When she cracked her eyes open, she was greeted by the sight of three people leaning over her. Three of the most important people in her life. The Ala. Ivy. And now, strangely enough, Caius. They were all staring at her. This was how animals in zoos must have felt. Lying there, with all those faces peering at her with equal parts concern and curiosity, was suffocating. When she struggled to sit up, no fewer than three sets of hands—black, white, and a featherless tan—moved to push her back down. It was all too much.
“Stop,” Echo said, voice breathier than she would have liked. “Everybody, stop. Stop touching me, stop staring at me, stop inhaling my air.”
Ivy sucked in a breath, and Echo could have sworn she actually held it.
God bless your heart, Ivy
.
The Ala’s face slipped into something approaching neutrality, but Echo could see the wonder in her eyes.
“It was in you the whole time,” the Ala said. “I should have known.”

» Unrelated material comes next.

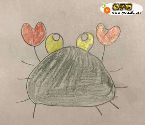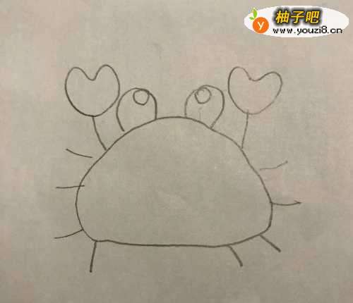 4用一个竖线和一个圆弧画出小螃蟹左右的两个大钳子,见下图

Echo pushed herself up to a seated position, back resting against Jasper’s ridiculous suede couch. When Caius steadied her with a hand on her lower back, she didn’t stop him. His hand lingered there, settling right above the waistband of her jeans. Echo was acutely aware of every minute detail of the texture of his skin. Ivy’s eyes darted down to Caius’s hand, but she kept her thoughts to herself.
“How could you have known?” Echo asked. “I still don’t even understand how or why this is possible. I remember everything about Rose. She was the firebird’s last vessel—she’s the one who left the maps behind for me to find. And there are other images, things I don’t understand. How do I have those memories?”